Methods The Kaplan-Meier method and Cox proportional hazards model were used to estimate the overall survival and freedom from recurrence (FFR) in 355 patients with stage III NSCLC who were treated during 2000-2013.

Results 52% of patients in the cohort were married and were more likely to self-identify as white (P < .0001), reside in zip codes with a higher household median income (P < .0001), have Eastern Cooperative Oncology Group Performance Status of 0 (P = .001), have higher pretreatment albumin (P = .009), undergo surgery (P = .001), and have insurance (P = .029). On multivariate analysis, marital status remained an independent predictor of survival and was associated with a 40% decreased risk of death (P < .0001), further stratifying outcomes beyond gender and stage grouping. FFR was comparable between the 2 groups (P = .108).

Limitations Retrospective analysis; information on individual support system beyond the marital and insurance status and zip code income was not available.

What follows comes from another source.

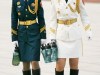 仪仗队女兵正在训练。所有的配饰都在同一条线上。
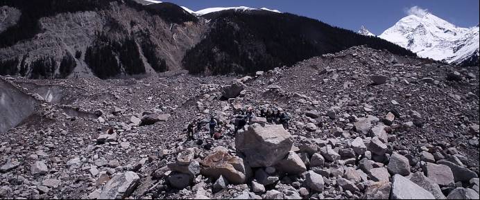 剧组在乱石覆盖的米堆冰川下拍摄“冰洞”

Conclusions In a cancer such as NSCLC, in which modern therapeutic approaches have yielded only modest survival improvements despite considerable treatment-related toxicity, marital status remains an independent predictor for survival. Marriage is likely a surrogate for better psychosocial support; the scale of survival improvements seen justifies investments into supportive care interventional strategies to help advance overall outcomes.

Funding/sponsorship None

 

Accepted for publication September 6, 2018
Correspondence
Melissa AL Vyfhuis, MD, PhD; mvyfhuis@umm.edu OR
Josephine L Feliciano, MD; jfelici4@jhmi.edu
Disclosures: The authors report no disclosures/conflicts of interest.
Citation JCSO 2018;16(5):e194-e201

©2018 Frontline Medical Communications
doi https://doi.org/10.12788/jcso.0427 

 

 

 

 

 

 

Non–small-cell lung cancer (NSCLC) remains the leading cause of cancer death in the United States, where 29% of patients will present with stage III disease.1,2 Ongoing research efforts seek to improve these outcomes using novel systemic therapy options or modern radiation techniques. However, there have also been recent studies showing the importance of marital and/or partner status on clinical outcomes.3-7 For example, in a large Surveillance, Epidemiology, and End Results (SEER) analysis of 734,889 patients diagnosed with several types of cancer (including lung cancer), patients identified as married were less likely to present with metastatic disease, more likely to receive definitive therapy, and had superior cancer-related mortality even after adjusting for other variables such as cancer stage and treatment when compared with single patients.3 Population-based assessments are important in relaying information about trends and general outcomes based on marital status, but because they are large, they often lack patient-specific information such as nutrition, immunologic status, and variability in treatment paradigms, all of which can independently have an impact on overall survival (OS) in stage III NSCLC.8-10 In addition, population analyses have typically included patients of all cancer stages and hence involved a multitude of treatment approaches ranging from curative to palliative. There are limited well-annotated institutional data on the association of marital status on nonmetastatic, locally advanced (LA-NSCLC) in the setting of National Comprehensive Cancer Network-guided, standard-of-care definitive treatment.